* [WHAT YOU NEED TO DO] Here the job is to retype the data word for word while leaving the pictures aside.

* [DATASET EXCERPT]
-- Opening Marker --
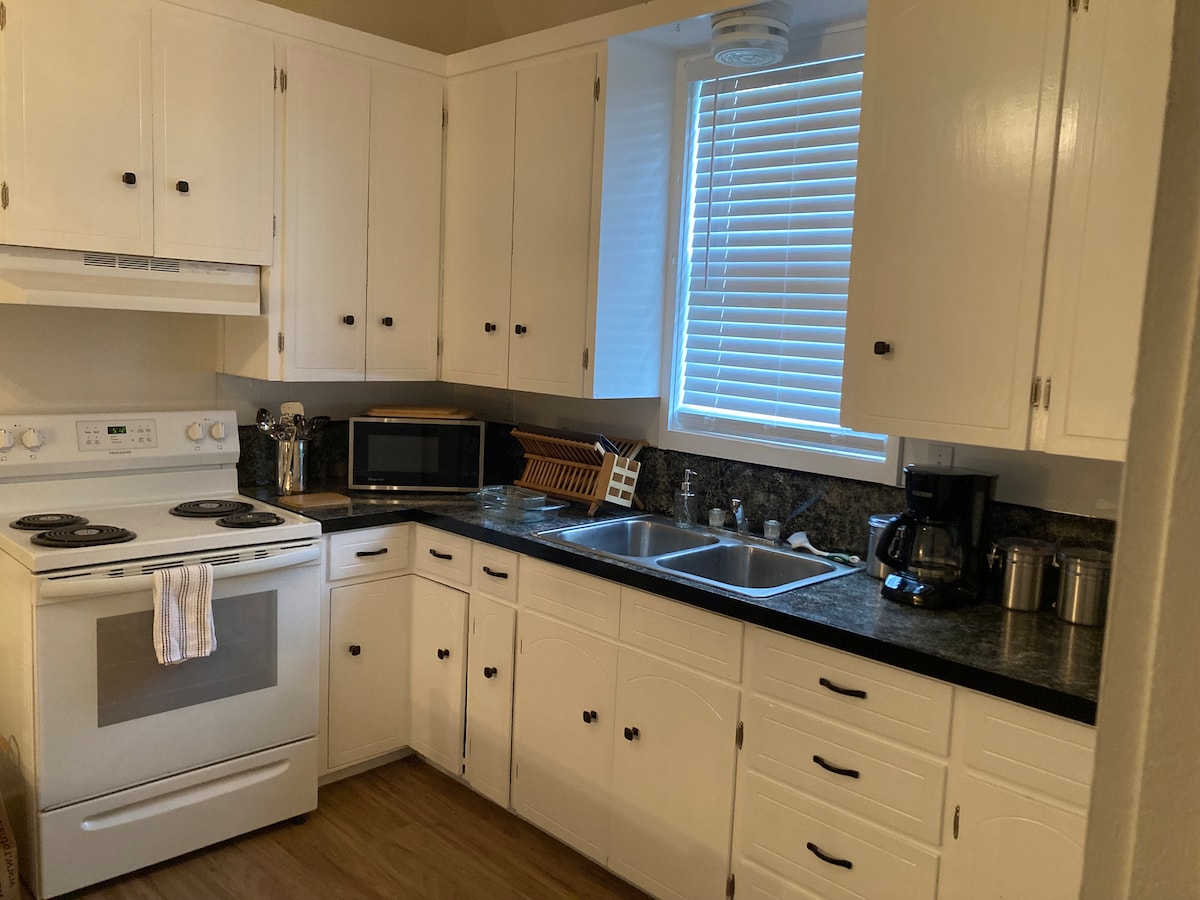 Geïnspireerd door onze liefde voor de stranden van Oregon en de Cascade Mountains (beide binnen 1 uur) biedt dit comfortabele huis alles wat je nodig hebt voor je avontuur in Oregon. Drie kamers (één kingsize, twee queensize) met twee volledige badkamers (inclusief biologische zeep), een klein kantoor, wifi, volledig gevulde keuken (biologisch ontbijt en snacks), eigen achtertuin met overdekte patio, gasbarbecue, vuurtafel en S'mores-kit. Wasmachine/droger met alle natuurlijke wasmiddel. Garage om je buitenuitrusting veilig op te bergen.
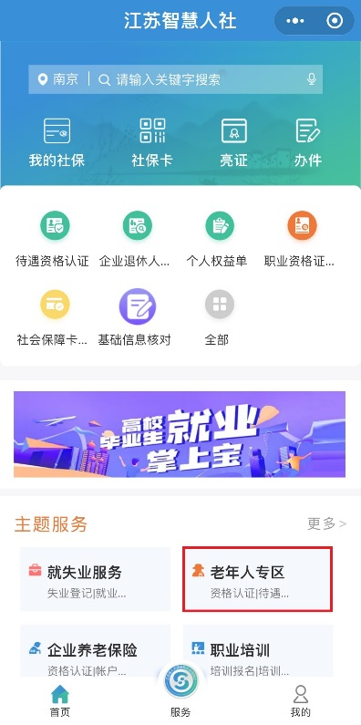 登录“江苏智慧人社”手机APP或微信小程序,选择首页“老年人专区”,点击“企业养老金调整情况查询”。
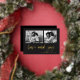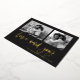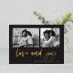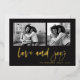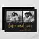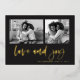 This simple classic charcoal black family holiday photo card features modern, casual gold foil script typography that says "love and joy", with a two photo grid on the front for a stylish, modern and minimalist holiday design.
-- Closing Marker --
* [TASK ANSWER]
 Geïnspireerd door onze liefde voor de stranden van Oregon en de Cascade Mountains (beide binnen 1 uur) biedt dit comfortabele huis alles wat je nodig hebt voor je avontuur in Oregon. Drie kamers (één kingsize, twee queensize) met twee volledige badkamers (inclusief biologische zeep), een klein kantoor, wifi, volledig gevulde keuken (biologisch ontbijt en snacks), eigen achtertuin met overdekte patio, gasbarbecue, vuurtafel en S'mores-kit. Wasmachine/droger met alle natuurlijke wasmiddel. Garage om je buitenuitrusting veilig op te bergen.
 登录“江苏智慧人社”手机APP或微信小程序,选择首页“老年人专区”,点击“企业养老金调整情况查询”。
 This simple classic charcoal black family holiday photo card features modern, casual gold foil script typography that says "love and joy", with a two photo grid on the front for a stylish, modern and minimalist holiday design.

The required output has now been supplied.